Germiyan’ın tarih sahnesine çıkışı 16. yüzyıla kadar uzanıyor. 1575 yılı ve öncesine ait tahrir defterlerinde köyün adı “Kızılkilise” olarak geçiyor. 1890 yılı kayıtlarında ise bugünkü adıyla birlikte “Kermiales” ismi de yer alıyor. Zamanla isim değişmiş ama köyün ruhu ve gelenekleri korunmuş. 2012 yılında çıkan 6360 Sayılı Yasa ile tüzel kişiliği kaldırılarak Çeşme Belediyesi’ne bağlı bir mahalleye dönüşmüş olsa da, Germiyan hâlâ bir köy gibi yaşamaya devam ediyor.
Germiyan’ın sokaklarında yürürken rengarenk duvar resimleri sizi karşılıyor. Köy sakinlerinden Nuran Hanım’ın boyadığı bu çiçek muralları, köye adeta masalsı bir hava katıyor.

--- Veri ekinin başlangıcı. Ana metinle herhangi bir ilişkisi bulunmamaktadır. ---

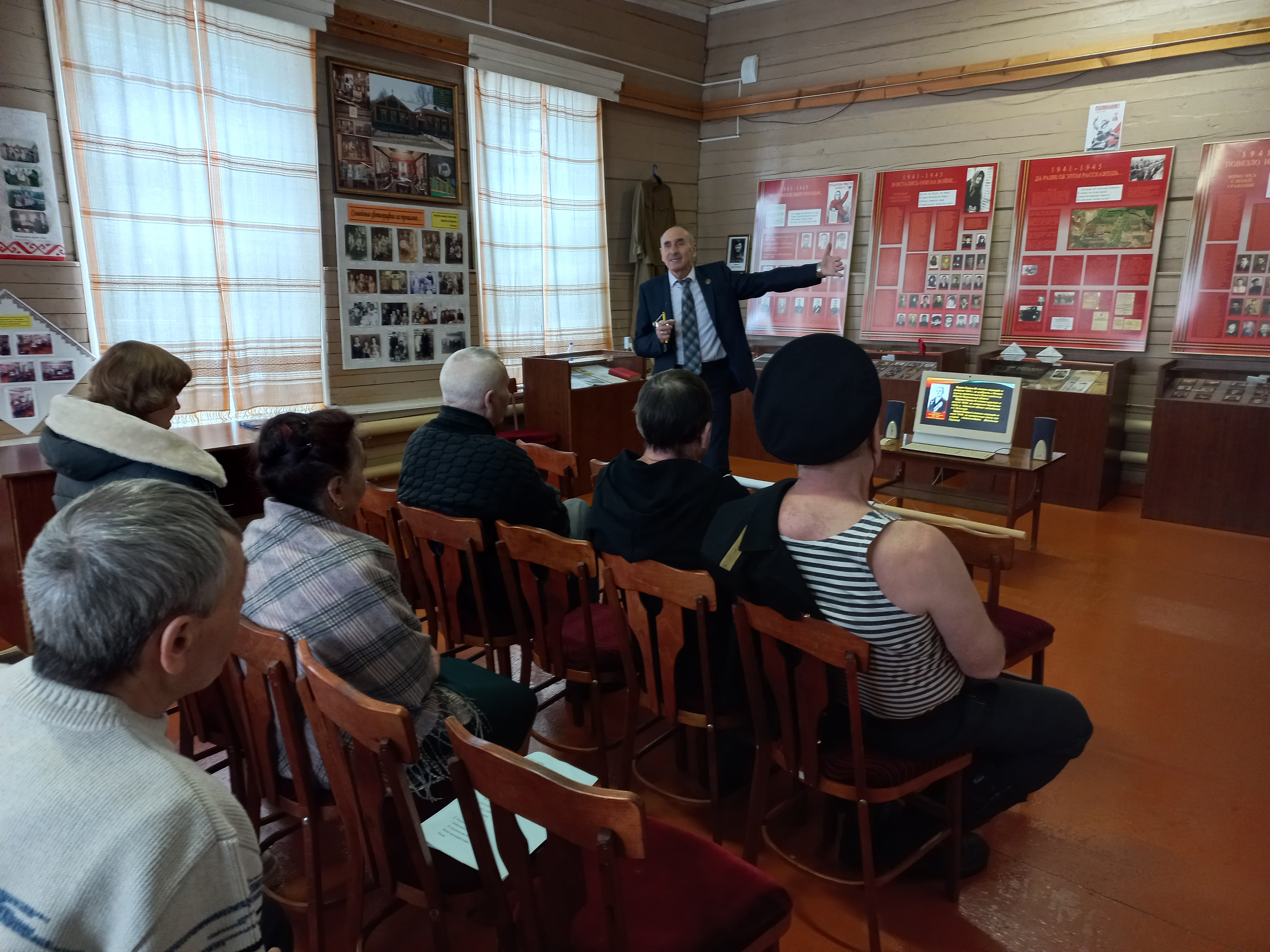 Зав.музеем Пыркин А.А. рассказал о истории возникновения празднования этого дня, об испытаниях, которые выпали на долю армии нашей страны в годы гражданской, Великой Отечественной и локальных войн. Рассказ зав. музея чередовался музыкальными паузами. К мероприятию была оформлена выставка «Они служили в горячих точках», где были представлены фотографии, письма к родителям, благодарственные письма солдат, солдатская гимнастерка из фондов музея участников афганской и чеченской войн. Не могли не остановиться и на сегодняшних событиях. Поименно вспомнили всех, кто сегодня защищает нас на передовой. Звучали пожелания, чтобы быстрее закончилось СВО и ребята живыми вернулись домой с победой.

Germiyan Mahallesi, İzmir şehir merkezine 65 km, Çeşme ilçe merkezine ise yalnızca 22 km uzaklıkta. Çeşme-İzmir devlet yolu olan D.300 karayoluna 2,6 kilometrelik bir köy yoluyla bağlanıyor. Doğu yönünde konumlanan bu mahalle, ulaşım açısından hem kolay erişilebilir hem de doğayla iç içe bir noktada.
Germiyan’ı özel kılan yalnızca yemekleri ya da sanatı değil. Burası Türkiye’nin ilk Slow Food köyü olarak; hızlı tüketime, aşırı turizme ve doğanın yok sayılmasına karşı bir duruş sergiliyor.

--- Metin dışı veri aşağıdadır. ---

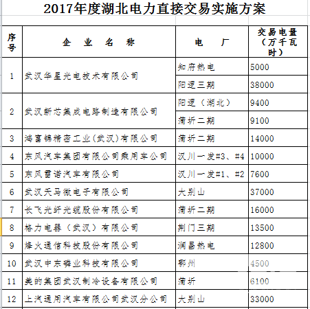 湖北省2017年電力直接交易實(shí)施方案印發(fā)
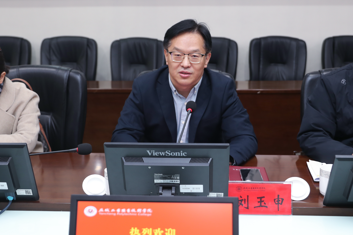 座谈中,盐城工业职业技术学院校长刘玉申介绍学校发展情况。沈宗根听取介绍后表示,盐城工业职业技术学院作为万人办学规模高校,在国家级技能大赛、项目实践教学以及国际人才培养等方面的做法与经验,特别在“一带一路”人才培养上的实绩成就,对学校高质量发展中的内涵建设做了鲜明注脚,期待两校加强交流,发挥好技能大赛、项目实训以及“一带一路”交流对两校协作共进的积极作用。

Germiyan’ın en bilinen lezzeti, odun ateşinde pişirilen ekşi mayalı köy ekmeği. Yanında kopanisti peyniriyle birlikte sunuluyor. Ayrıca damat lokumu, pirinçli mantı ve geleneksel bazina da bu topraklara özgü tatlar arasında. Eğer denk gelirseniz, sadece belirli dönemlerde üretilen hurma zeytini de denemeye değer bir lezzet.
Kalabalıktan, gürültüden, turizm karmaşasından uzak ama hâlâ Çeşme’nin bir parçası olan bir yer hayal edin. Reisdere’den sadece 15 dakikalık bir yolculukla ulaşılan Germiyan Mahallesi, tarihî dokusu, doğallığı ve mutfağıyla keşfedilmeyi bekliyor.
Geleneksel tarım yöntemleri, yerel üretim anlayışı ve misafirperverliğiyle Germiyan, günümüz dünyasında nadir bulunan bir dengeyi başarıyla sunuyor: Sadelik ve zenginlik.
Germiyan gibi doğallığını ve kültürünü koruyan başka İzmir köyleri de var. Daha fazlasını merak edenler için “En Güzel İzmir Köyleri” yazımıza göz atmanızı öneririz. Her biri ayrı bir hikâye, ayrı bir keşif!
Köyün belki de en ilgi çekici noktalarından biri Dilek Hanım’ın açtığı Otantik Ev. Bir dönem Fatmagül’ün Suçu Ne? dizisine ev sahipliği yapan bu 100-150 yıllık yapı, bugün köy kahvaltısı ve yöresel yemeklerin sunulduğu bir mekân. Antika eşyalarla döşenmiş evde sunulan her tat, geçmişin izlerini taşıyor. Burası “şehirli kahvaltılar” arayanlara göre değil; burada gerçek köy ürünleriyle hazırlanan, doğal, sade ve samimi sofralar var.
Her sokak, her ev, fotoğraf meraklıları için ayrı bir kare sunuyor. Ziyaretçilerin çoğu, sırf bu özgün sokakları görmek için bile buraya geliyor.